Last Sunday [04 December] saw the second visit of Littleborough Band to the Boarshurst Band Club. This time with the full band rather than the Littleborough Training Band. They gave us a delightful concert with a mix of festive favourites to get us all in a Christmassy mood.

Littleborough Band were formed in 1862 as the Littleborough Public Silver Band. Their first performance was for a flood relief benefit concert. In 1883, they won the British Open Championship at Kings Hall, Belle Vue. Today, they have established themselves as a Section Three band with Ady Woodhead as Musical Director.

Ady started out at Wardle High School as a percussionist. Then he became a rock musician, though shortly returned to the brass banding fold. He moved to Milnrow and Todmorden Old bands. He joined Littleborough Band as Musical Director in September 2008.

Last night’s concert was a good night, marked by some excellent solo performances by Joanne Ward (Flugelhorn) and Mark Haworth (Bass Trombone). It was also a concert of two halves with a pithy traditional programme in the first half, and a Christmas programme in the second half.

The Programme

First Half

  1. March: Goldcrest (James Anderson);
  2. Musical Piece (from Sunset Boulevard): With One Look (Andrew Lloyd-Webber, arr. William Himes);
  3. Medley: Bouquet de Paris (Various, arr. J. McInnis-Smith):
    1. Mademoiselle de Paris;
    2. Autumn Leaves;
    3. Le Fiacre (The Cab);
    4. The Seine;
    5. C’est Si Bon.
  4. Flugelhorn Solo (performed by Joanne Ward): Concerto de Aranjuez (Joaquin Rodrigo);
  5. Musical Piece (from Wicked): Finale: For Good (Reprise) (Stephen Schwartz, arr. Gavin Somerset);
  6. Test Piece: Symphony No.3 in C Minor (Camille Saint-Saens, arr. Philip Sparke).

Second Half

  1. Christmas Medley: Christmas Crackers (Various, arr. Ray Woodfield);
    1. Joy to the World;
    2. Jingle Bells;
    3. Away in a Manger;
    4. Silent Night;
    5. Deck the Halls.
  2. Film Music (from The Snowman): Walking in the Air (Howard Blake, arr. Philip Sparke);
  3. Popular Music: Stop the Cavalry (Jona Lewie, arr. Phil Lawrence);
  4. Bass Trombone Solo (performed by Mark Haworth): Frosty the Snowman (Walter “Jack” Rollins, arr. Sandy Smith);
  5. Christmas Song: Silver Bells (Jay Livingstone/Ray Evans, arr. Frank Bernaerts);
  6. Christmas Song: The Christmas Song (Mel Torme, arr. Philip Sparke);
  7. Christmas Piece: Christmas Swing (Dizzy Stratford).

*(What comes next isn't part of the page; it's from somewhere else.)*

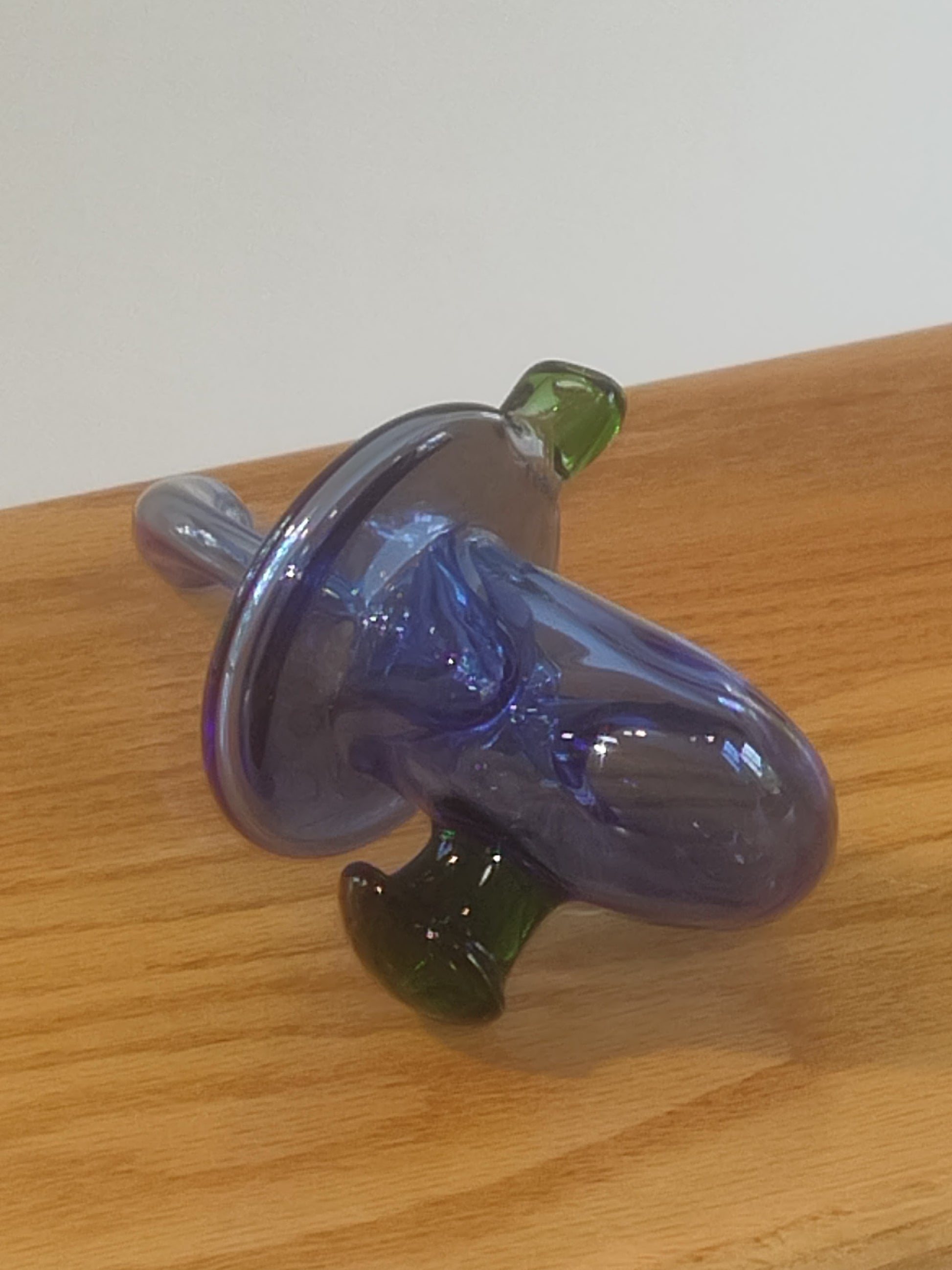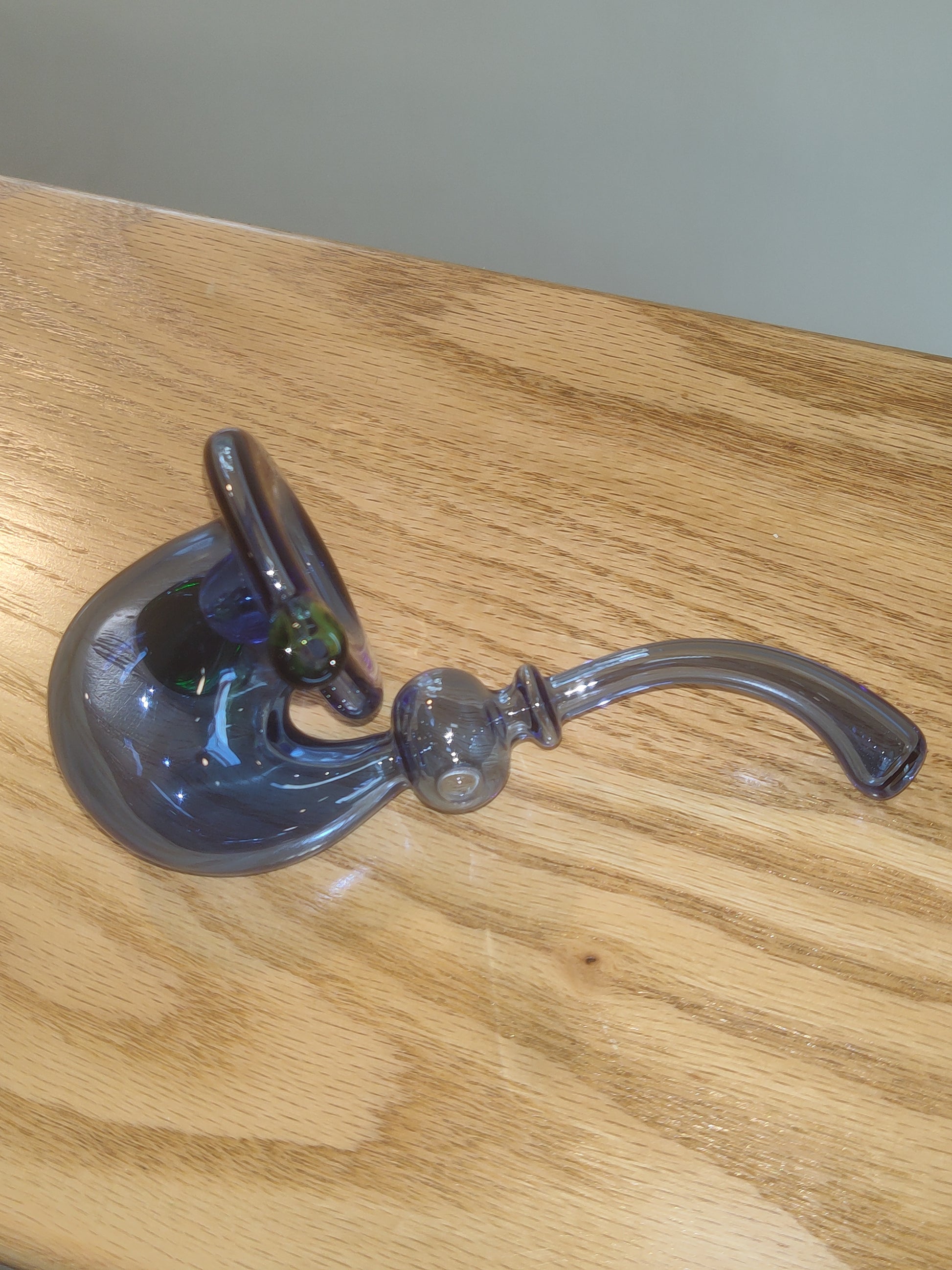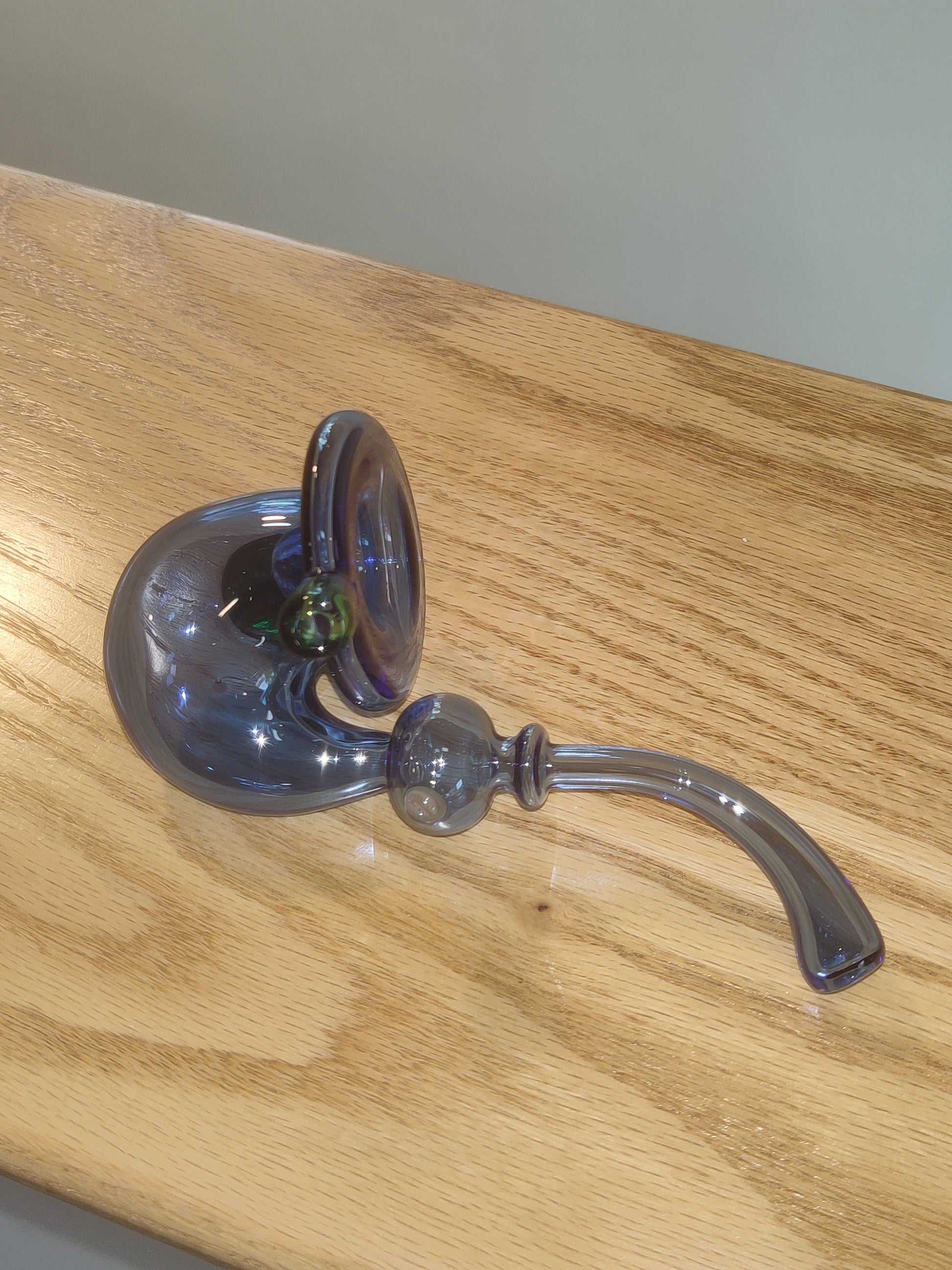 Handmade handblown sherlock smoking pipe by Massachusetts artist David Colton. Light blue color, Unique contemporary style. Green kickstand accent. Signed 2025 by the artist.

  • Christmas Song: Jingle Bells (Ted Barclay).

In search of a goldcrest in C Minor

In traditional fashion, Littleborough Band began with a march piece. This being the Salvation Army march, Goldcrest composed in 1989. Its composer, James Anderson, was born in Scotland with this march being his most famous piece. This got the concert off to a good start.

The second piece was the exhilarating With One Look. Written by Andrew-Lloyd Webber for his 1993 musical, Sunset Boulevard, William Himes’ arrangement worked well in brass band form. The musical is based on the 1950 film noir, starring Gloria Swanson and William Holden.

Our third piece saw Ady and Co. devour some ‘yellow music’. In other words, something from the library that has been neglected. This time with J. McInnis-Smith’s Bouquet de Paris, a medley of five Francophile favourites (try saying that after a few pints of Silver Owl). Starting and ending with the French national anthem, this included Mademoiselle de Paris (once sung by Danny Kaye), Autumn Leaves (made famous by Frank Sinatra), and Le Fiacre (The Cab) (sung by Jean Sablon).

After our joyous excursion into French light concert music, we moved onto our first soloist of the night. This time with Le Concerto de Aranjuez performed by Joanne Ward. On flugelhorn, her performance of the Joaquin Rodrigo piece was superb. Besides the scene in Brassed Off where Gloria’s ‘wobbly’ interpretation moves the band, there is a slight local link. Not a million miles away from Littleborough, Todmorden-born musician Geoff Love covered the piece as Manuel and the Music of the Mountains.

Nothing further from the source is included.